Selective internal radiation therapy using 90Y microspheres is effective for selected cases of nonresectable HCC and is well tolerated. The objective response rate in terms of drop in tumor marker levels is higher than that based on reduction in tumor volume shown by computed tomography. The nontumorous liver appears more tolerant to internal radiation than external beam radiation. Selective internal radiation treatment may convert nonresectable tumors to resectable ones.

摘要

目的

评估动脉内注射90钇(90Y)微球治疗不可切除肝细胞癌(HCC)的疗效。

方法与材料

不可切除但无肝外疾病、经(99m)锝标记的聚合白蛋白模拟测定肺分流<15%且肿瘤与正常组织比值>或=2的HCC患者纳入本研究。通过分区模型估算肺部、肿瘤及正常肝脏所接受的辐射剂量。在肝血管造影时或经透视通过植入的动脉导管将90Y微球注入肝动脉。对残留或复发性肿瘤进行重复治疗。

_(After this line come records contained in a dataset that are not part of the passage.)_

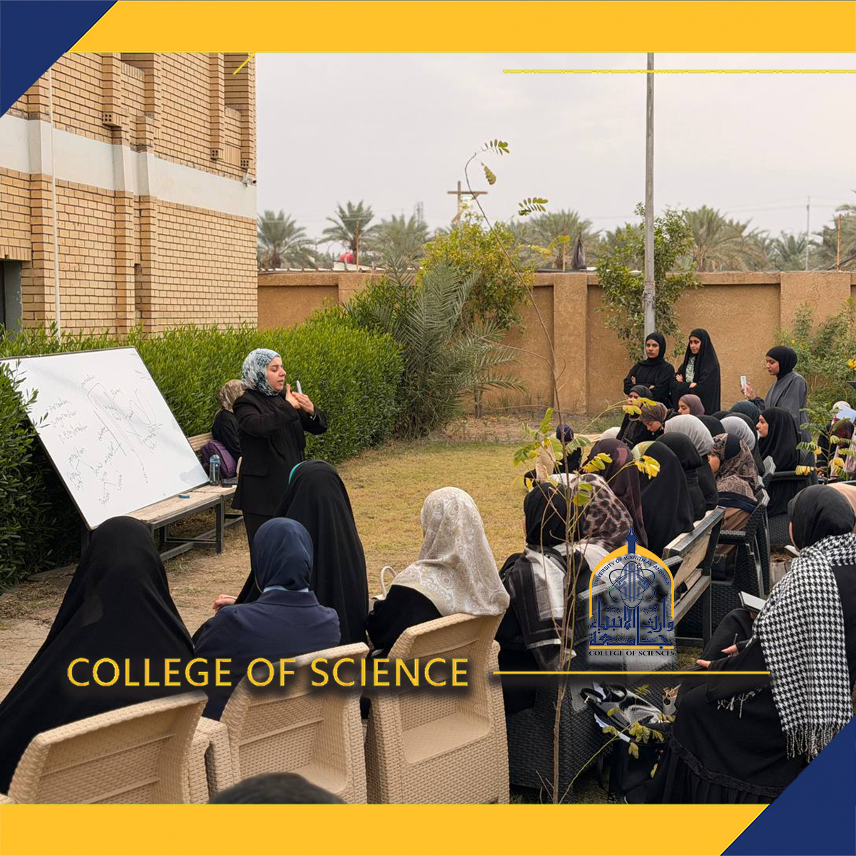 برعاية السيد رئيس جامعة وارث الأنبياء الأستاذ الدكتور إبراهيم الحياوي، وبإشراف عميد كلية العلوم الإسلامية الأستاذ المساعد الدكتور طلال الكمالي، نظّمت شعبة شؤون المرأة في الجامعة بازارًا خيريًا بعنوان "صُنع بأيادٍ عراقية"، وذلك ضمن محور التطوير الاقتصادي للاستراتيجية الوطنية للمرأة العراقية، وبما ينسجم مع أهداف التنمية المستدامة للأمم المتحدة ولا سيّما الهدف الخامس (المساواة بين الجنسين) والهدف الثامن (العمل اللائق ونمو الاقتصاد) والهدف الثاني عشر (الاستهلاك والإنتاج المسؤولان).
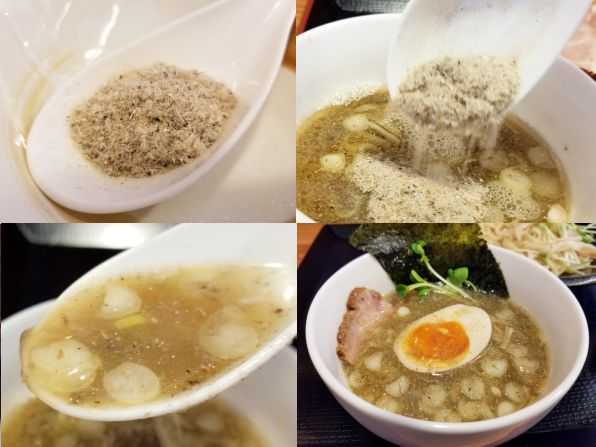 そして鶏ガラ+魚介の定番スープに、瀬戸内海産の煮干しを入れたと言うつけダレには、まずトッピングの"煮干し粉"を追加し、そこに具材を浸してから麺を投入です、、、おおぉぉぉ、煮干しの香りがプンプンプンっ!! この煮干しパンチは"煮干ラ~"にとって、超ストライク!! うんうん、旨い旨い~☆
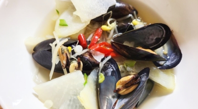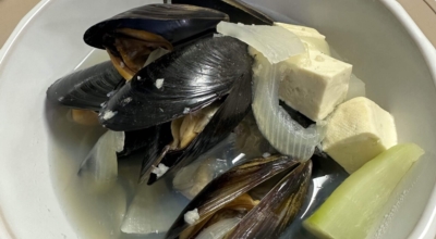 약 15분 정도 더 끓인 후 나머지 재료를 모두 넣고 조금 더 끓이면 완료돼요. 기호에 따라 고추냉이(와사비)를 풀어 먹어도 좋다고해요. 그런 다음 체에 밭쳐 물기를 빼주면 재료 준비 완료입니다. 팔팔 끓는 육수에 깨끗이 씻은 홍합을 넣고 입을 벌릴 때까지 푹 끓여주기만 하면 되어요. 마지막으로 간을 보고 싱거우면 소금 살짝 추가하면 맛있는 홍합탕 완성입니다.
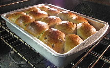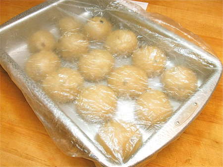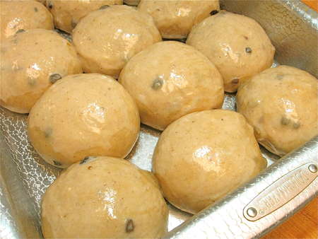 Cover the pan; a plastic shower cap works nicely. Let the buns rise for 1 hour, or until they’ve expanded and started to crowd one another.
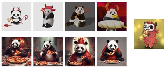The same prompts were used for the generation of illustrations, both for the AI tool and the illustrator and students: an illustration of a panda bear (character) dressed as a devil (context) eating a slice of pizza (action). A total of 9 illustrations were generated.
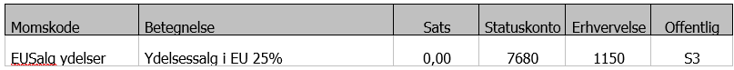EUsalg ydelse – bruges, når der sælges visse ydelser til et EU land.

通过血清甲胎蛋白或铁蛋白水平以及连续的计算机断层扫描监测治疗反应。

结果

71例患者,包括20例术后复发患者,最初接受了活度为0.8 - 5.0吉贝可(GBq)(21.6 - 135.1毫居里)(中位值3.0 GBq或81.1毫居里)的90Y微球治疗。首次治疗后19例(26.7%)患者肿瘤体积缩小50%。然而,在46例治疗前甲胎蛋白水平升高的患者中,总体客观反应率(根据甲胎蛋白水平变化)为89%[部分缓解(PR)67%,完全缓解(CR)22%]。另外25例患者治疗后血清铁蛋白水平下降了34%至99%。15例患者接受了重复治疗。最多治疗5次,最大总活度为13.0 GBq(351.4毫居里),分3次给予。首次治疗时,非肿瘤肝脏所接受的估计辐射剂量范围为25至136戈瑞(中位值52戈瑞),最高总辐射剂量估计为324戈瑞。对于肿瘤,首次治疗时估计辐射剂量范围为83至748戈瑞(中位值225戈瑞),累积最高剂量达1580戈瑞。4例患者切除了残留肿瘤。其中2例有完全组织学缓解,但从另外2例患者切除的肿瘤坏死中心仅偶尔发现存活肿瘤细胞。71例患者的中位生存期为9.4个月(范围1.8至46.4个月)。治疗耐受性良好,未出现骨髓毒性,也无放射性肝炎或肺炎的临床证据。

结论

使用90Y微球的选择性内放射治疗对部分不可切除HCC病例有效且耐受性良好。基于肿瘤标志物水平下降的客观反应率高于基于计算机断层扫描显示的肿瘤体积缩小的反应率。非肿瘤肝脏对内放射的耐受性似乎高于外照射。选择性内放射治疗可能使不可切除肿瘤转变为可切除肿瘤。